Otherwise, the markup is very straightforward and is structurally very similar to what you would do in DocBook or a custom XML application.
To compose your new chapter topics into a complete book you would use DITA's map mechanism to create a document that links to each chapter in the appropriate order, e.g.:
<map>
<title>MOBY DICK; OR THE WHALE</title>
<topicmeta>
<author>Herman Melville</author>
</topicmeta>
<topicref href="moby-chapter-01.xml"/>
<topicref href="moby-chapter-02.xml"/>
...
<topicref href="moby-epilogue.xml"/>
</map>
Obviously, there's lots more that you would need for a complete application, but the point of this exercise is to show that not only can you use DITA to usefully mark up narrative text with nested sections, but that it's easy and inherent in DITA's basic model.

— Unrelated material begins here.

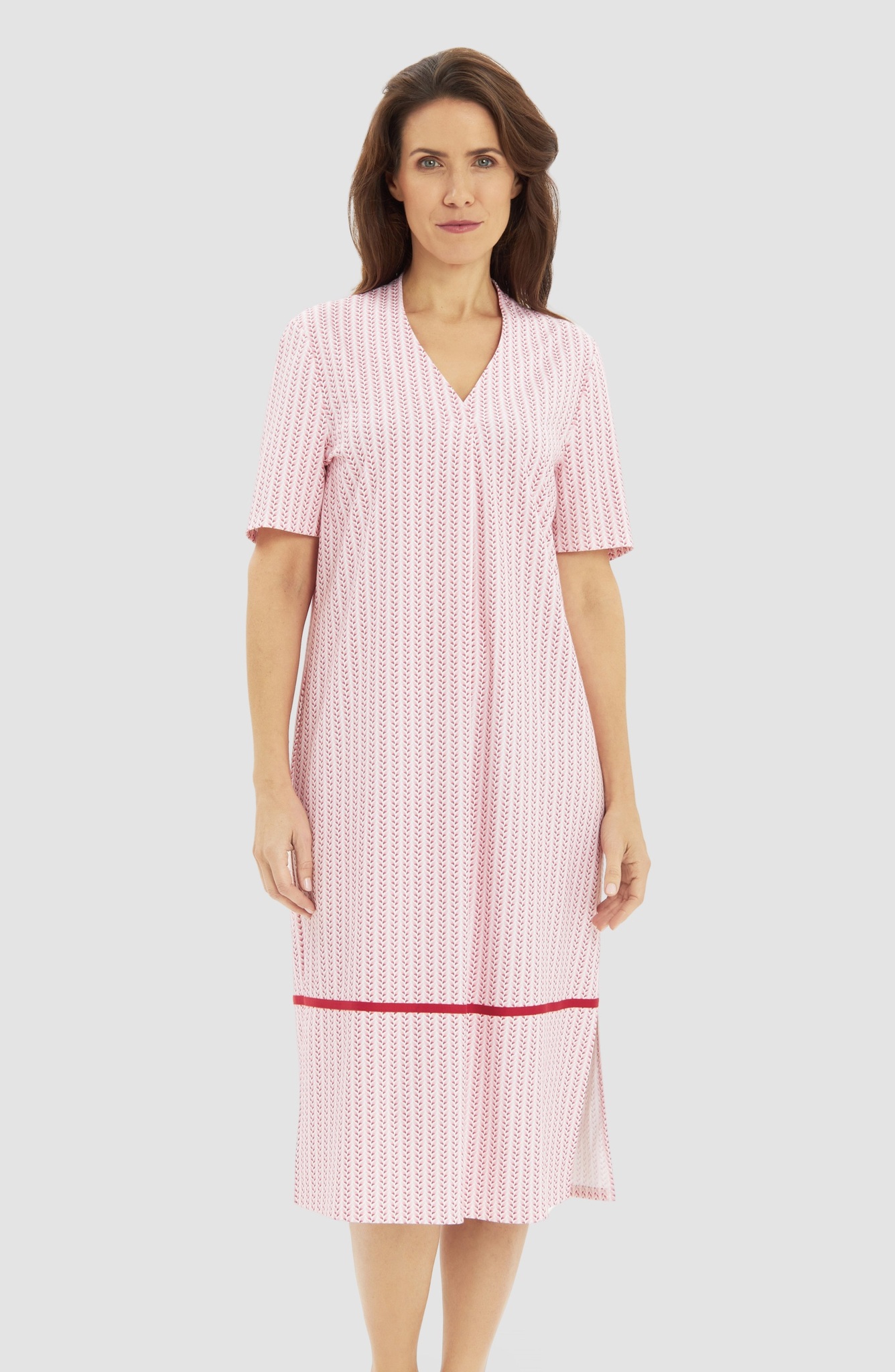 Великолепная сорочка с V-образным вырезом, складкой спереди, контрастной отделкой по низу сорочки, короткими рукавами и боковыми разрезами с минималистичным принтом . Внизу вышит логотип Féraud.

Everything you would do beyond this would be refinement of the application to meet your specific business requirements (e.g., specialized markup to reflect your specific content or editorial rules or business processes or processing needs).

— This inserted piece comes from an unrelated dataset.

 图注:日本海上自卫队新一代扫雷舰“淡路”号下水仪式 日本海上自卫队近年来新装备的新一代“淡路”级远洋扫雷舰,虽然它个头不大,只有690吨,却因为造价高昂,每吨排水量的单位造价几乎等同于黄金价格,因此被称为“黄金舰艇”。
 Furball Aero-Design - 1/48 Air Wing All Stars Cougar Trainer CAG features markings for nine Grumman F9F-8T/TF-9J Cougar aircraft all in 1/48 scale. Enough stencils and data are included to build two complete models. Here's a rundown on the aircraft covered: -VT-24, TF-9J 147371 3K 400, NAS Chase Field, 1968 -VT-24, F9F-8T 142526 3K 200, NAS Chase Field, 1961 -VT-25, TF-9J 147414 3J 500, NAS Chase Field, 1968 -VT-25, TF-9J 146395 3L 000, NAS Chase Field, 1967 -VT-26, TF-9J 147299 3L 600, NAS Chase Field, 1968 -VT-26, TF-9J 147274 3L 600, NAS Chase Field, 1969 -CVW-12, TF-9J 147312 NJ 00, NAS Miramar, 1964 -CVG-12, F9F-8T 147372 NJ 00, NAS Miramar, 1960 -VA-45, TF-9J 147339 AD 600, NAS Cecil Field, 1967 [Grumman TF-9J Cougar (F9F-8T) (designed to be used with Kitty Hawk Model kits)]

Of course, just because you can do something doesn't mean you should. Having gotten this far, you should be asking questions like "why would I choose DITA over something like DocBook or a purpose-built XML document type?".

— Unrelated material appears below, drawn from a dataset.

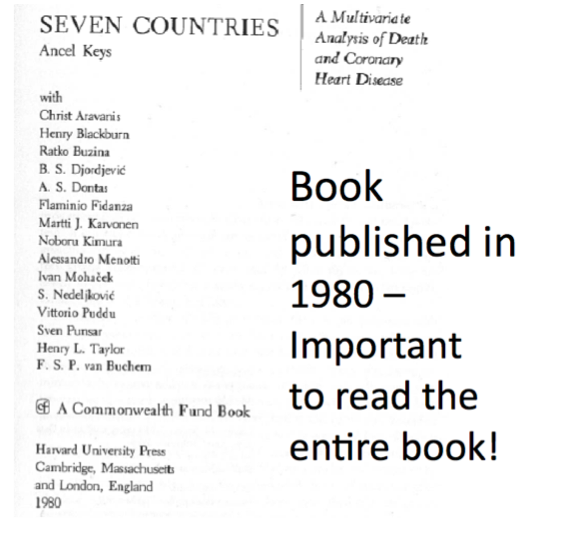 The premier study at that time was “Seven Countries” Study that was directed by Dr. Ancel Keys, a renown epidemiologist at the University of Minnesota. This was a massive study that followed 12,763 men, aged 40-59, from seven countries: Finland, Greece, Italy, Japan, the Netherlands, the United States, and Yugoslavia. The overall findings (from many published articles) of these studies, including the 10-year follow-up, were published in a book, “Seven Countries” by Ancel Keys (1980).

The answer, I think, is that DITA offers at least two compelling advantages over any other candidate XML application:
- The initial cost of ownership is low, approaching zero, and the ongoing cost of ownership is low.
- It offers a number of sophisticated features in terms of modularity, extensibility, and linking that either are not provided by other applications or would cost a prohibitively large amount to build from scratch.
That is, the cost of applying DITA is almost always going to be significantly lower than the cost of any alternative (and at worst will be no more expensive than any other alternative). The detailed reasons for this will be explained in future posts, the short answer is simply that you get a lot out of the box with DITA that you would otherwise have to pay for.
If you accept my "DITA is inexpensive" assertion then it follows that if DITA is applicable to a particular XML application use case it is at least a compelling candidate if not the obvious choice.
The challenge so far has been clearly determining when DITA is and is not applicable. By demonstrating that DITA can be used productively and easily for traditional narrative documents we open up a very large domain of potential uses for DITA that might otherwise have been overlooked.
And if you've gotten this far, you might be asking the question "OK, this all makes sense but why do you, Eliot Kimber, care so much?"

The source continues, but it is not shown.